= Naomi K. Lewis =

Canadian fiction and nonfiction writer (born 1976)

Naomi K. Lewis (born 1976 in London, England) is a Canadian fiction and nonfiction writer who resides in Calgary, Alberta. She was a finalist for the 2019 Governor General's Literary Award for non-fiction.

== Life and career ==
Lewis was born in London, and grew up near Washington, D.C. and in Ottawa. Her sister and brother-in-law are the artists Chloe Lewis and Andrew Taggart, and her great-uncle was the poet and artist Izrael Lejzerowicz. Lewis lived in Toronto, Fredericton and Edmonton, and completed degrees in philosophy and English literature, before settling in Calgary. She served as writer-in-residence both at the Calgary Public Library in 2011, and at the University of New Brunswick in 2015. Lewis was an associate editor of Alberta Views magazine from 2012 to 2015.

== Works ==
Lewis's first novel, Cricket in a Fist, was published by Goose Lane Editions in 2008. Lewis's story, "The Guiding Light" won the 2007 Fiddlehead fiction contest and appeared in McClelland and Stewart's 2008 Journey Prize Anthology. Lewis' collection of short stories I Know Who You Remind Me Of won the 2012 Colophon Prize, from Great Plains Publishing. Lewis's 2011 Alberta Views article "The Urge to Purge", about detox diets, was shortlisted for a 2011 Canadian National Magazine Award, as was her 2014 article "A Bridge Too Far: The Story of My Big Jewish Nose." With Calgary writer Rona Altrows, she edited an anthology of essays and poetry about shyness entitled Shy, published by the University of Alberta Press in 2013.

Lewis also co-wrote In Case of Fire, a 2010 memoir about Edmonton burn survivor and workplace safety advocate Spencer Beach.
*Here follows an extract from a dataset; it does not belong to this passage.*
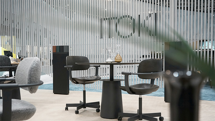 2025年予定のグローバルローンチに先駆け、このオルガテックで少しだけ先行公開した「J1890」。固有のブランドを示す名称ではなく、クリエイティブでエンジョイアブルな空間を作り出すための「プロジェクト」に冠された名前です。会場では「役員会議室」をイメージした円形のレイアウトを展示し、同じイトーキブース内の別エリアと映像をつなぎ次世代のエクゼクティブルームを演出。そのデザインは「痺れるほどカッコいい」と、多くのお客様の関心をいただきました。
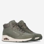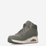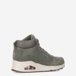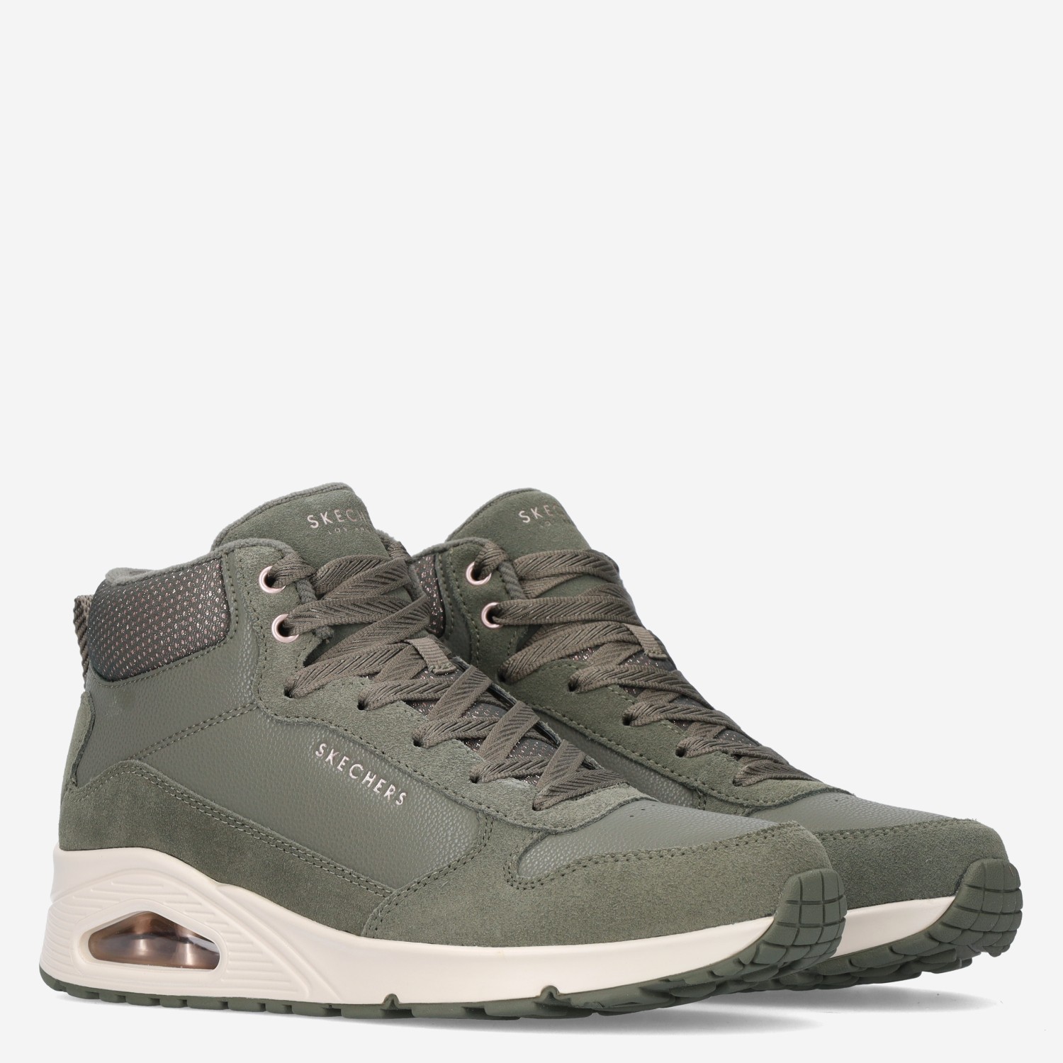 Deze groene Uno Stacre Shine damesschoen van Skechers is gemaakt van imitatie leer in combinatie met leer en synthetische materialen. Deze hoge sneaker is voorzien van een vetersluiting.

More recently, Lewis's 2019 memoir Tiny Lights for Travellers won Alberta's Wilfrid Eggleston Award for Nonfiction, the Vine Award for Canadian Jewish Literature (nonfiction), and the Pinsky Givon Family Prize for Nonfiction, a Western Canada Jewish Book Award. It was a finalist for the Governor General's Literary Award for Non-Fiction and the W.O. Mitchell City of Calgary Book Award.